Re: [PATCH v19 023/130] KVM: TDX: Initialize the TDX module when loading the KVM intel kernel module

[Date Prev][Date Next][Thread Prev][Thread Next][Date Index][Thread Index]

 



On Tue, 2024-04-16 at 13:58 -0700, Sean Christopherson wrote:
> On Fri, Apr 12, 2024, Kai Huang wrote:
> > On 12/04/2024 2:03 am, Sean Christopherson wrote:
> > > On Thu, Apr 11, 2024, Kai Huang wrote:
> > > > I can certainly follow up with this and generate a reviewable patchset if I
> > > > can confirm with you that this is what you want?
> > > 
> > > Yes, I think it's the right direction.  I still have minor concerns about VMX
> > > being enabled while kvm.ko is loaded, which means that VMXON will _always_ be
> > > enabled if KVM is built-in.  But after seeing the complexity that is needed to
> > > safely initialize TDX, and after seeing just how much complexity KVM already
> > > has because it enables VMX on-demand (I hadn't actually tried removing that code
> > > before), I think the cost of that complexity far outweighs the risk of "always"
> > > being post-VMXON.
> > 
> > Does always leaving VMXON have any actual damage, given we have emergency
> > virtualization shutdown?
> 
> Being post-VMXON increases the risk of kexec() into the kdump kernel failing.
> The tradeoffs that we're trying to balance are: is the risk of kexec() failing
> due to the complexity of the emergency VMX code higher than the risk of us breaking
> things in general due to taking on a ton of complexity to juggle VMXON for TDX?
> 
> After seeing the latest round of TDX code, my opinion is that being post-VMXON
> is less risky overall, in no small part because we need that to work anyways for
> hosts that are actively running VMs.
> 
> > 

How about we only keep VMX always on when TDX is enabled?

In short, we can do this way:

 - Do VMXON + unconditional tdx_cpu_enable() in vt_hardware_enable()

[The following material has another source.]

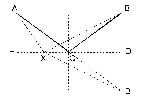 Ze wzglêdu na symetriê układu (trójkąty CDB i CDB są przystające) czas przejścia światła z punktu B do A bêdzie równy czasowi przejścia światła z punktu B do A (odcinki BX i XB są równe dla dowolnego punktu X leżącego na przeciêciu granicy pomiêdzy ośrodkami i płaszczyzny padania). Najkrótszy czas przejścia z punktu B do punktu A odpowiada drodze BCA, gdy punkty B, C i A leżą na jednej prostej (czyli gdy punkt X jest punktem C). Wobec tego kąty ECA i BCD są równe i, w konsekwencji (przystawanie trójkątów CDB i DCB oznacza równośæ kątów BCD i BCD), także kąty ECA i DCB muszą byæ równe a to oznacza równośæ kątów padania i odbicia.
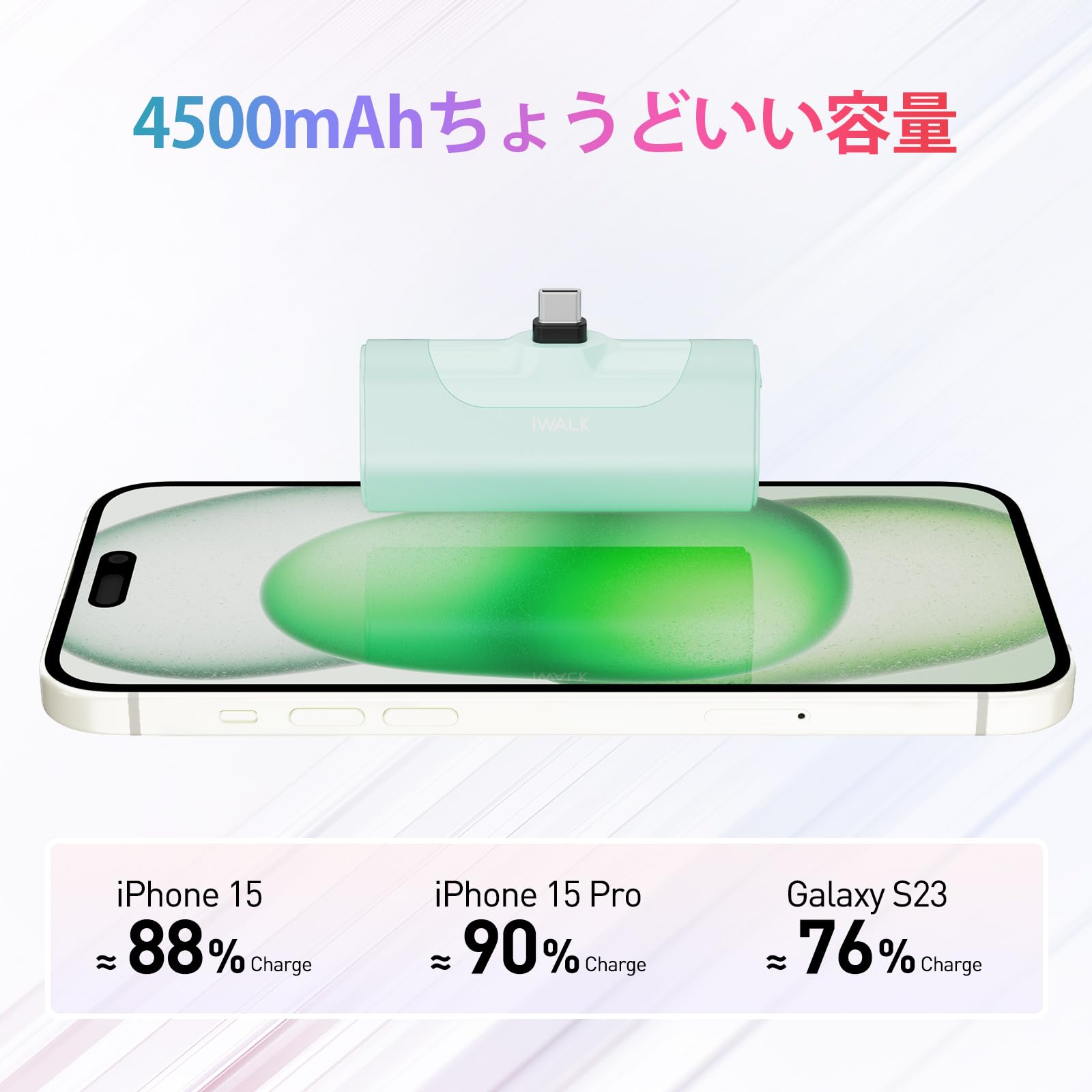 iWALK モバイルバッテリー タイプc 軽量 超小型 【20W急速充電・USB-C端子一体型】 4500mAh モバイル充電器 type c もばじゅう コネクター内蔵 パススルー機能 コンパクト 持ち運び便利 機内持ち込み可 iPhone 17/16/15シリーズ iPad AirPods Android対応 PSE認証済 グリーン

 - And in vt_hardware_setup():
   
   cpus_read_lock();
   hardware_enable_all_nolock();  (this doesn't exist yet)
   ret = tdx_enable();
   if (!ret)
	hardware_disable_all_nolock();
   cpus_read_unlock();

 - And in vt_hardware_unsetup():

   if (TDX is enabled) {
	cpus_read_lock();
	hardware_disable_all_nolock();
	cpus_read_unlock();
   }

Note to make this work, we also need to move register/unregister
kvm_online_cpu()/kvm_offline_cpu() from kvm_init() to
hardware_enable_all_nolock() and hardware_disable_all_nolock()
respectively to cover any CPU becoming online after tdx_enable() (well,
more precisely, after hardware_enable_all_nolock()).  

This is reasonable anyway even w/o TDX, because only _after_ we have
enabled hardware on all online cpus, we need to handle CPU hotplug.

Calling hardware_enable_all_nolock() w/o holding kvm_lock mutex is also
fine because at this stage it's not possible for userspace to create VM
yet.

Btw, kvm_arch_hardware_enable() does things like TSC backworks, uret_msrs,
etc but they are safe to be called during module load/unload AFAICT.  We
can put a comment there for reminder if needed.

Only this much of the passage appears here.